■ **Activity**: Every line below is to be given again precisely; images are to be left out.

■ **Stored data**:
────

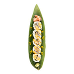 Create an exotic-inspired presentation for your dishes with our Dojo Green Fresh Bamboo Leaves. These vibrant bamboo leaves for sushi rolls add flair to your food presentation. Packaged in an innovative vacuum-sealed bag, these fresh bamboo leaves are able to expertly maintain their freshness until you're ready to use them. After opening a vacuum-sealed pack, we recommend refrigerating these food-safe bamboo leaves in water and using them within 2-3 days. Measuring around 11.75 inches in length by 3.5 inches in width, these fresh bamboo leaves are ideal for plating appetizers, tapas, entrees, and desserts. Shipped in a 100 count box. These bamboo leaves are not intended for consumption.
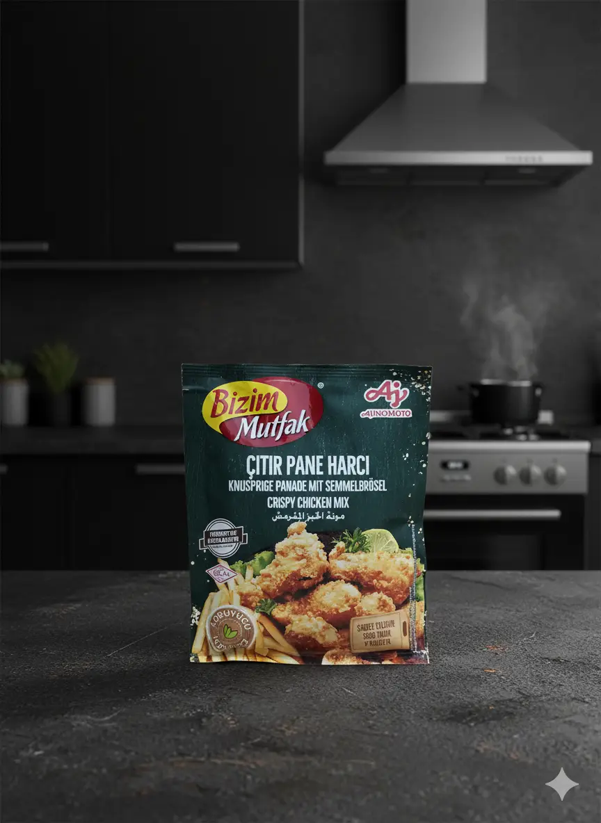 Bizim Mutfak Knusprige Paniermischung – Für perfekt goldbraune und knusprige Panade bei Hähnchen, Fisch oder Gemüse. Nettogewicht: 90g. Kategorie: Lebensmittel.
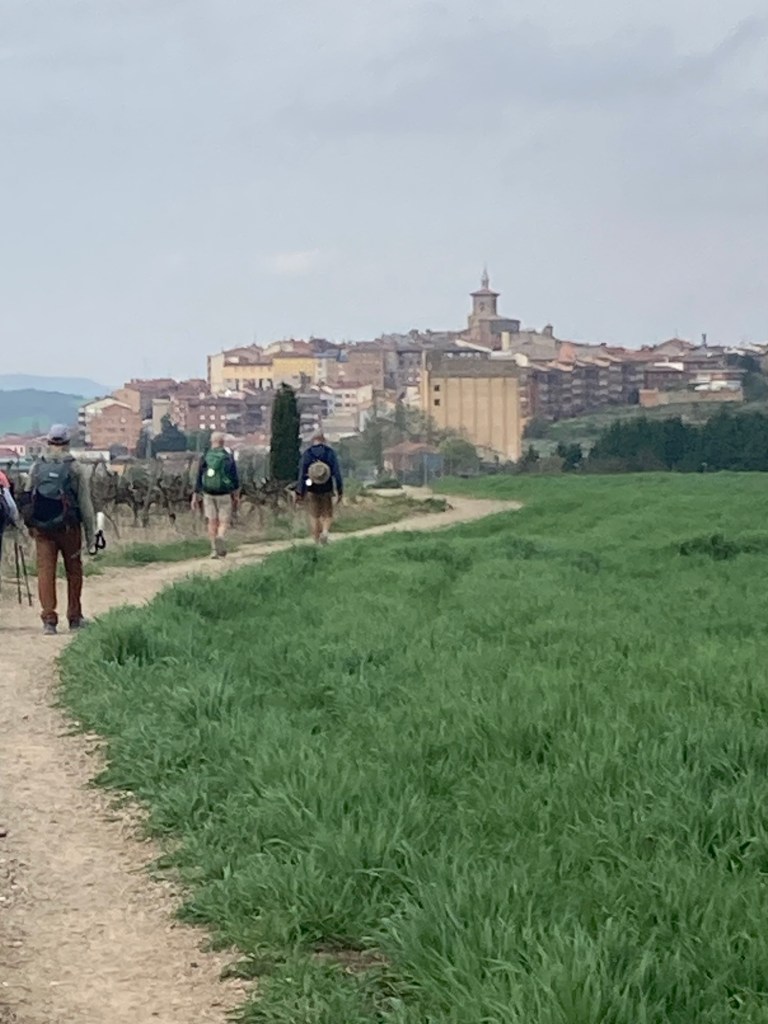 16 mile walk today. I felt good. I’ve left the Navarro region and I’m now in Rioja. I suspect that I’ll be seeing more vineyard while I’m walking. Today marks my one week on the Camino. I’ve got somewhere around 100 miles behind me…another 400 to go!! It’s been quite a week. I’m feeling ok walking and glad I’m doing this, but it’s not without periodic lingering doubts about whether or not this was worth the fatigue and sore legs. I’m still in it and still feel committed to finish. The positives are out weighing the second thoughts. I’m having dinner tonight with Enrique, my Camino amigo from Madrid. He’s leaving the Camino tomorrow to return to work. He’s been an enjoyable comrade to have on the Camino with me. It’s raining now. It will stop in the morning and start up again mid-afternoon. I hope to leave early tomorrow morning to beat the rain. Tomorrow is a 17 mile day.
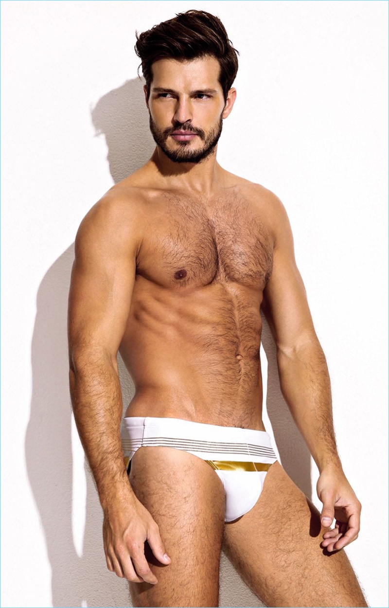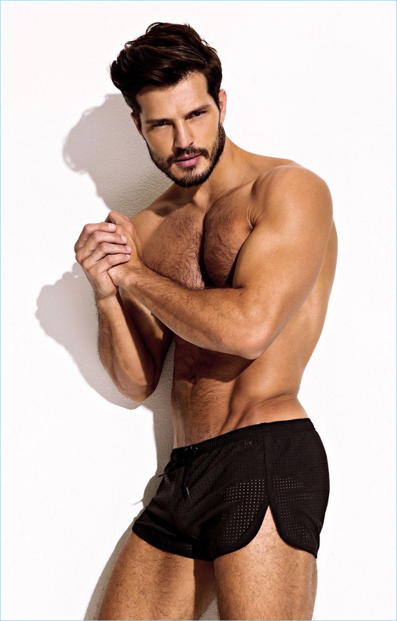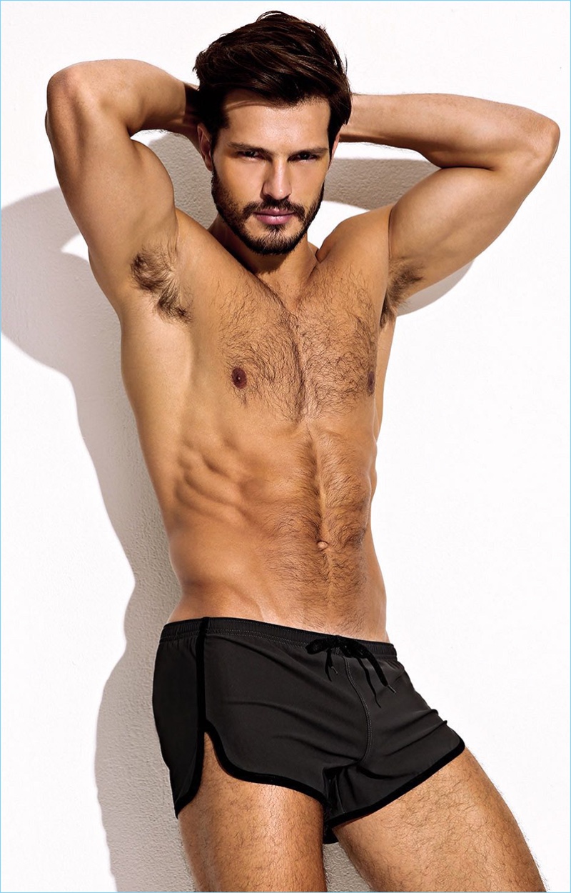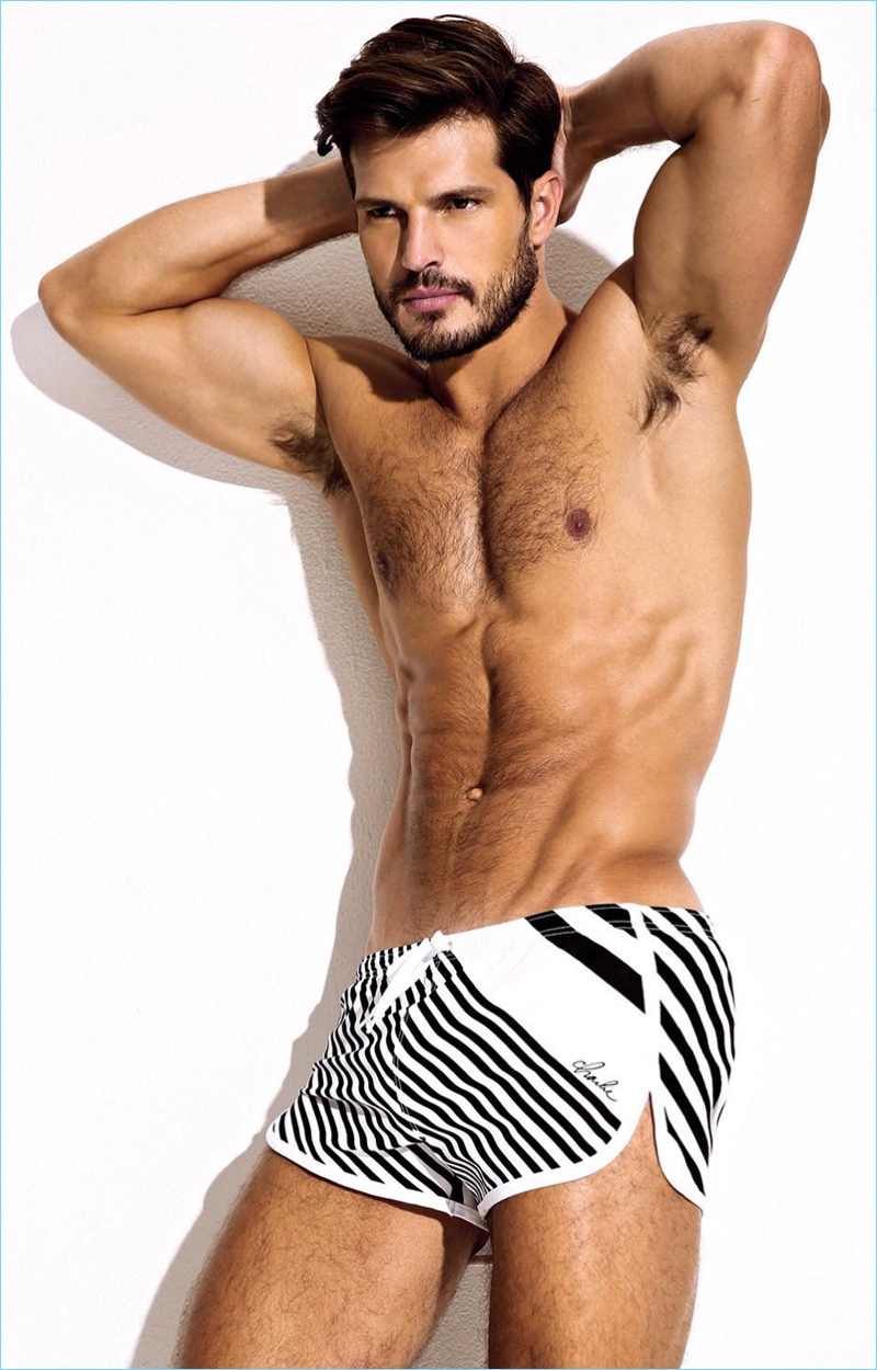 Front and center, Diego shows off the label’s mix of swimsuits, classic board shorts, and runner-inspired swim shorts. In addition to solid styles, Charlie offers a play on pajama stripes. The brand also introduces texture with its mesh and foil gold accented swimwear.

────

■ **Answer for the task**:
 Create an exotic-inspired presentation for your dishes with our Dojo Green Fresh Bamboo Leaves. These vibrant bamboo leaves for sushi rolls add flair to your food presentation. Packaged in an innovative vacuum-sealed bag, these fresh bamboo leaves are able to expertly maintain their freshness until you're ready to use them. After opening a vacuum-sealed pack, we recommend refrigerating these food-safe bamboo leaves in water and using them within 2-3 days. Measuring around 11.75 inches in length by 3.5 inches in width, these fresh bamboo leaves are ideal for plating appetizers, tapas, entrees, and desserts. Shipped in a 100 count box. These bamboo leaves are not intended for consumption.
 Bizim Mutfak Knusprige Paniermischung – Für perfekt goldbraune und knusprige Panade bei Hähnchen, Fisch oder Gemüse. Nettogewicht: 90g. Kategorie: Lebensmittel.
 16 mile walk today. I felt good. I’ve left the Navarro region and I’m now in Rioja. I suspect that I’ll be seeing more vineyard while I’m walking. Today marks my one week on the Camino. I’ve got somewhere around 100 miles behind me…another 400 to go!! It’s been quite a week. I’m feeling ok walking and glad I’m doing this, but it’s not without periodic lingering doubts about whether or not this was worth the fatigue and sore legs. I’m still in it and still feel committed to finish. The positives are out weighing the second thoughts. I’m having dinner tonight with Enrique, my Camino amigo from Madrid. He’s leaving the Camino tomorrow to return to work. He’s been an enjoyable comrade to have on the Camino with me. It’s raining now. It will stop in the morning and start up again mid-afternoon. I hope to leave early tomorrow morning to beat the rain. Tomorrow is a 17 mile day.
 Front and center, Diego shows off the label’s mix of swimsuits, classic board shorts, and runner-inspired swim shorts. In addition to solid styles, Charlie offers a play on pajama stripes. The brand also introduces texture with its mesh and foil gold accented swimwear.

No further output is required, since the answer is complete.